Determining the ratio of volumes

1. Sep 20, 2015

1729

1. The problem statement, all variables and given/known data
A crown is made out of silver and gold. Its weight is 58.8 N in air, and 54.8 N when submerged in water.
What is the ratio of $V_{\mathrm{gold}}$ to $V_{\mathrm{silver}}$ in the crown?

$\rho_{\mathrm{gold}}=19300\frac{\mathrm{kg}}{\mathrm{m^3}}$
$\rho_{\mathrm{silver}}=10100\frac{\mathrm{kg}}{\mathrm{m^3}}$
$\rho_{\mathrm{water}}=1000\frac{\mathrm{kg}}{\mathrm{m^3}}$

(a) $\frac{V_{\mathrm{gold}}}{V_{\mathrm{silver}}}=\frac{50}{50}$
(b) $\frac{V_{\mathrm{gold}}}{V_{\mathrm{silver}}}=\frac{44}{56}$
(c) $\frac{V_{\mathrm{gold}}}{V_{\mathrm{silver}}}=\frac{40}{60}$
(d) $\frac{V_{\mathrm{gold}}}{V_{\mathrm{silver}}}=\frac{56}{44}$

2. Relevant equations
(i) $V=\frac{m}{\rho}$

3. The attempt at a solution
The volume of water displaced by submerging the crown is equal to the volume of the crown itself.
The crown weighs 58.8 N in air, which implies the mass is 6.0 kg. It weighs 54.8 N when submerged, which implies the mass in 5.6 kg in water. Since the difference in mass is equal to 0.4 kg, this means that by formula (i), the volume of the crown is 0.0004 cubic metres.

Since this is the total volume of the crown, we can put this in an equation.
$V_{crown}=\frac{m_{gold}}{\rho_{gold}}+\frac{m_{silver}}{\rho_{silver}}$

How do I continue from this point? Would it be legal to rewrite the masses as $m=\frac{F}{g}$ and thus conclude (a) is the correct answer?

2. Sep 20, 2015

haruspex

Didn't understand your question at the end.
You have one equation and two unknowns. You just need one more equation. Can you think of one involving the total mass you worked out?

3. Sep 20, 2015

SteamKing

Staff Emeritus
Let's say that x = mass of gold in the crown. What is the mass of silver?

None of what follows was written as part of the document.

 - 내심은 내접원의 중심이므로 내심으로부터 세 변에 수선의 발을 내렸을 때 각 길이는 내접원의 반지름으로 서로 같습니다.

If you apply the density of each material to the respective masses, do you also obtain the total volume of the crown, as determined from submerging it in water?

4. Sep 20, 2015

1729

Thanks for the input guys. I feel like this question is way easier than I make it out to be, but I just can't connect the dots.
$m_{total}-x$
I don't know. I plugged these numbers in the equation and solved for $x$:
$0.0004 \ \mathrm{m^3} = \frac{x}{19300 \ \mathrm{\frac{\ kg}{m^3}}}+\frac{6.0 \mathrm{kg}-x}{10100 \ \mathrm{\frac{kg}{m^3}}}$
$\Leftrightarrow x=4.1 \ \mathrm{kg}$
If you were to calculate the volumes using $V=\frac{m}{\rho}$, and were to check the ratio it produces, you would notice it satisfies none of the four possible answers given. My intuition would give you an affirmative answer to your question, but I can't ignore this calculation that contradicts that assertion.
Just ignore the last question, I've worked it out to be false.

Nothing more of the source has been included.